We have already introduced some EDA approaches for univariate data, namely the histograms and qq-plot. Here we describe the qq-plot in more detail and some EDA and summary statistics for paired data. We also give a demonstration of commonly used figures that we recommend against.

Quantile Quantile Plots

To corroborate that a theoretical distribution, for example the normal distribution, is in fact a good approximation, we can use quantile-quantile plots (qq-plots). Quantiles are best understood by considering the special case of percentiles. The p-th percentile of a list of a distribution is defined as the number q that is bigger than p% of numbers (so the inverse of the cumulative distribution function we defined earlier). For example, the median 50-th percentile is the median. We can compute the percentiles for our list of heights:

library(UsingR) ##available from CRAN
library(rafalib)
x <- father.son$fheight

and for the normal distribution:

ps <- ( seq(0,99) + 0.5 )/100 
qs <- quantile(x, ps)
normalqs <- qnorm(ps, mean(x), popsd(x))
plot(normalqs,qs,xlab="Normal percentiles",ylab="Height percentiles")
abline(0,1) ##identity line

First example of qqplot. Here we compute the theoretical quantiles ourselves.

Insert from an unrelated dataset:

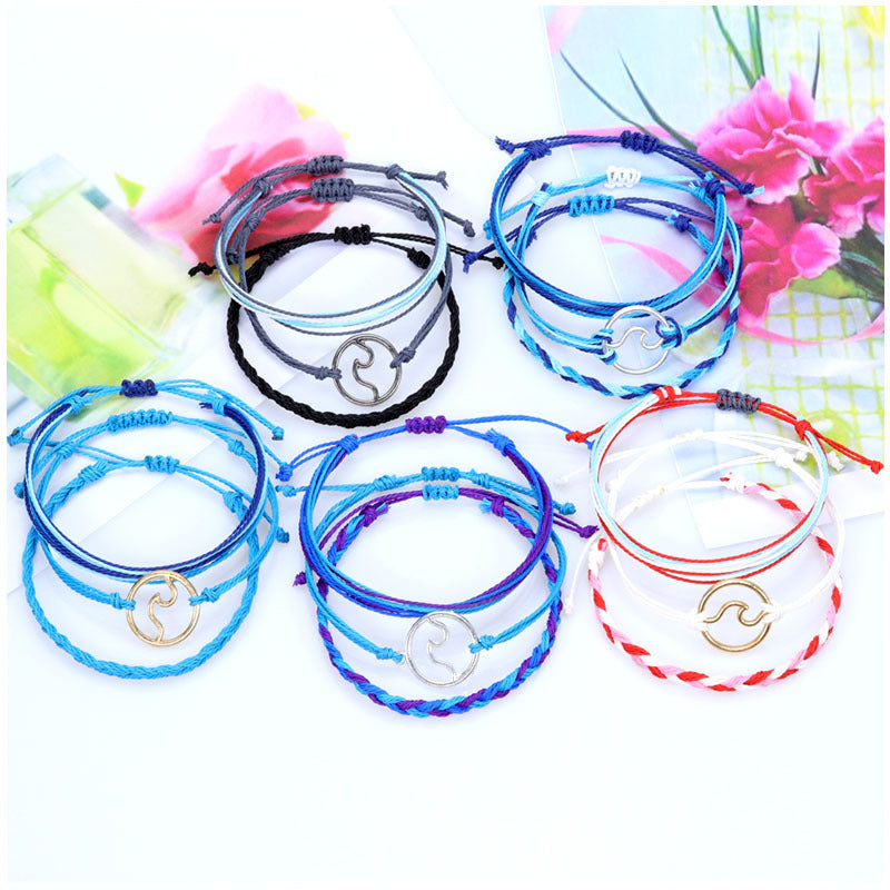 Wholesale Bohomian Wax Thread Braided Surf Bracelet Set

Note how close these values are. Also, note that we can see these qq-plots with less code (this plot has more points than the one we constructed manually, and so tail-behavior can be seen more clearly).

qqnorm(x)
qqline(x) 

Second example of qqplot. Here we use the function qqnorm which computes the theoretical normal quantiles automatically.

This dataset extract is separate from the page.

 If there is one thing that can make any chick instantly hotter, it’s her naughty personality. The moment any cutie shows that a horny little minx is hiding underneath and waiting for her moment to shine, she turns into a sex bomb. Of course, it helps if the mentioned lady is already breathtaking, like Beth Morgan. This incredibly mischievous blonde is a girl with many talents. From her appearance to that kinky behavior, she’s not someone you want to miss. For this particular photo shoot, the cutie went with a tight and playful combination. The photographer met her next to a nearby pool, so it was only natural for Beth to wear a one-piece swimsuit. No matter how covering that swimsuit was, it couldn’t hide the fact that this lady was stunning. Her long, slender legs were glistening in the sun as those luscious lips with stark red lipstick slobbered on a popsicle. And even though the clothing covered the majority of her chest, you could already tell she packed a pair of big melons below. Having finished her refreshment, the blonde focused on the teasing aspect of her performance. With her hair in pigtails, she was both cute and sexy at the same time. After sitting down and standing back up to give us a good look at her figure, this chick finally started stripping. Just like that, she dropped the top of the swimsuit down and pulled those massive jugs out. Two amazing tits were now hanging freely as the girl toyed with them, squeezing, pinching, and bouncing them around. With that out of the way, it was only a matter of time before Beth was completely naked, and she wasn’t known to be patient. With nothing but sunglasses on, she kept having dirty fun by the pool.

However, the qqnorm function plots against a standard normal distribution. This is why the line has slope popsd(x) and intercept mean(x).

In the example above, the points match the line very well. In fact, we can run Monte Carlo simulations to see plots like this for data known to be normally distributed.

n <-1000
x <- rnorm(n)
qqnorm(x)
qqline(x)

Example of the qqnorm function. Here we apply it to numbers generated to follow a normal distribution.

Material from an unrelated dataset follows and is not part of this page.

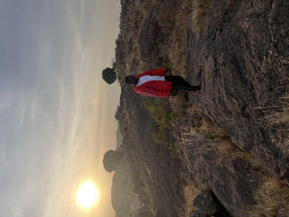 A person stands on a rocky cliff at sunset. The individual wears a red jacket over a white shirt and black pants. The sun shines brightly in the background, casting a warm glow over the scene. Sparse vegetation covers the rocks, and trees dot the landscape. The sky is a gradient of pale blue and orange, indicative of dusk or dawn. The image is rotated to the left.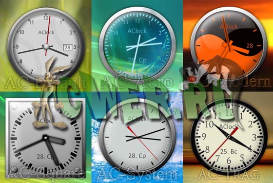 AClock – аналоговые часы на рабочий стол с поддержкой тем (скинов). AClock мало чем отличается от других программ подобного типа, и в то же время это совершенно другие часы. Начиная от тонкостей ресурсопотребления и заканчивая удобным редактором тем (скинов), в котором можно настроить абсолютно любую составляющую (стрелки, дату, надпись и пр.). Благодаря этому внешний вид Ваших часов зависит только от Вашей фантазии и уровня владения Photoshop.

We can also get a sense for how non-normally distributed data will look in a qq-plot. Here we generate data from the t-distribution with different degrees of freedom. Notice that the smaller the degrees of freedom, the fatter the tails. We call these “fat tails” because if we plotted an empirical density or histogram, the density at the extremes would be higher than the theoretical curve. In the qq-plot, this can be seen in that the curve is lower than the identity line on the left side and higher on the right side. This means that there are more extreme values than predicted by the theoretical density plotted on the x-axis.

dfs <- c(3,6,12,30)
mypar(2,2)
for(df in dfs){
  x <- rt(1000,df)
  qqnorm(x,xlab="t quantiles",main=paste0("d.f=",df),ylim=c(-6,6))
  qqline(x)
}

We generate t-distributed data for four degrees of freedom and make qqplots against normal theoretical quantiles.

Boxplots

Data is not always normally distributed. Income is a widely cited example. In these cases, the average and standard deviation are not necessarily informative since one can’t infer the distribution from just these two numbers. The properties described above are specific to the normal. For example, the normal distribution does not seem to be a good approximation for the direct compensation for 199 United States CEOs in the year 2000.

mypar(1,2)
hist(exec.pay) ##in UsingR package
qqnorm(exec.pay)
qqline(exec.pay)

Histogram and QQ-plot of executive pay.

In addition to qq-plots, a practical summary of data is to compute 3 percentiles: 25-th, 50-th (the median) and the 75-th. A boxplot shows these 3 values along with a range of the points within median $\pm$ 1.5 (75-th percentile - 25th-percentile). Values outside this range are shown as points and sometimes refereed to as outliers.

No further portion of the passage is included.